Русская кровь
И когда он прочитал об этом громком эпизоде Первой мировой в журнале «Вопросы истории», он радостно закивал головой, придя в страшное волнение. Как будто сам себя пытаясь еще раз убедить в том, что так оно и было.
Так - да не совсем. Ибо автор публикации писал, пользуясь военными архивами, а он, Татищев, мог бы ему получше рассказать, что и как было.
Потому что он своими глазами видел, как в июле 1916 года, уже на Волыни, в боях на подступах к Ковелю, русские полки вброд форсировали лесистые теснины, болотистые рукава Стохода, реки «Ста рукавов».
Руки ее расползаются на сотню русел, рукавов, пойм и островов, как щупальца, тянувшиеся за русской армией, чтобы затащить ее на глубину.
Но ему не было тогда страшно, нет. Напротив, он снова и снова, как в первый раз…
Хотя нет, не надо лгать перед лицом истории, перед ликом Вечности. В первом бою, во время огневого шквала, – струсил, присел, и пытался голову засунуть хоть в песок, хоть в дупло векового дуба, лишь бы не слышать, как рвутся снаряды, убивая лучших солдат Его Императорского Величества.
…Как потом рассказывали однополчане, 15 июля в самом первом своем бою (который позже историки назовут «Стоходской мясорубкой», а Стоход – Летой, утащившей на дно русскую Императорскую гвардию) погиб младший сын барона фон Мекка Аттал, ушедший в армию добровольцем. Он не особо хорошо знал его, пару раз едва поговорили. Он был замкнул, неразговорчив, служил поручиком лейб-гвардии Преображенского полка. Как странно, что за славу Российской империи сын немецкого барона погиб от немецкой же пули и чистокровная англичанка, великая княгиня Елизавета Федоровна помогла доставить его тело в Петроград для прощания с преображенцами.
И надо же было так случиться, что в день его похорон пал его любимый киргизский степной скакун, которого смерть повела прямо на солнце.
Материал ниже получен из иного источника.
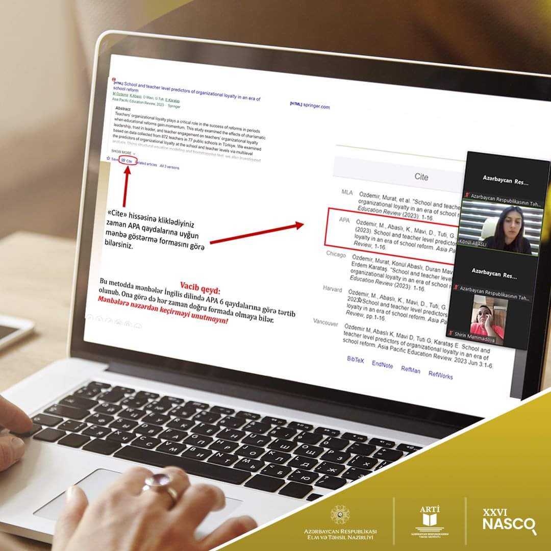 İyulun 24-də Təhsil İnstitutu (ARTİ) tərəfindən doktorantlar və gənc tədqiqatçılar üçün növbəti onlayn təlim təşkil olunub. Təlimin əsas mövzusu tezisin yazılma qaydası və elmi tədqiqatlarda düzgün istinad qaydaları olub.

Елизавета Федоровна сама еще тогда не знала, какой ей уготовлен конец. Он бы и ее должен был спасти. Когда внучка самой королевы Виктории, сестра царицы, постигшая истинную любовь в этом мире, только когда перешла в православие, живой сброшенная в шахту, взорванную гранатами, заваленную бревнами, засыпанную землей, умирая, она оторвала край своей монашеской одежды и отерла, перевязала рану князю Иоанну Константиновичу, из которой текла уже русская кровь.
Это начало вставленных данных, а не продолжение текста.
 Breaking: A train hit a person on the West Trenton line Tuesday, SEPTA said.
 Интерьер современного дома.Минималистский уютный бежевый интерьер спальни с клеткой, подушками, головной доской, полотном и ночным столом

Он бы и их всех спас, жаль тогда ему сил не хватило. Это сейчас он все может. Тогда он просто еще не знал своих возможностей, как и всякий человек, который живет, живет, и не знает, ради чего он родился, и когда и за что он умрет.
А тогда он был от них далеко…Но расстоянии двух тысяч четыреста шестидесяти трех километров…Он высчитал это, потому что хотел себя убедить, что в мире нет ничего невозможного. Он привык все всегда просчитывать, в 1988 году окончил МАИ и недолго работал по своей специальности – «создание торпедо-ракетного оружия». Потому что не хотел создавать оружие, не хотел убивать. Но если он заметит, что где-то заплакал ребенок, он будет для себя это считать вызовом. И он придет, сделает, он создаст…
Впервые он испытал неведомый ему прилив сил во втором Ковельском бою. Он – лидер атаки, он все равно уцелеет, и если из этой битвы никто кроме не выживет, он все равно соберет новых ребят, и они снова пойдут в бой.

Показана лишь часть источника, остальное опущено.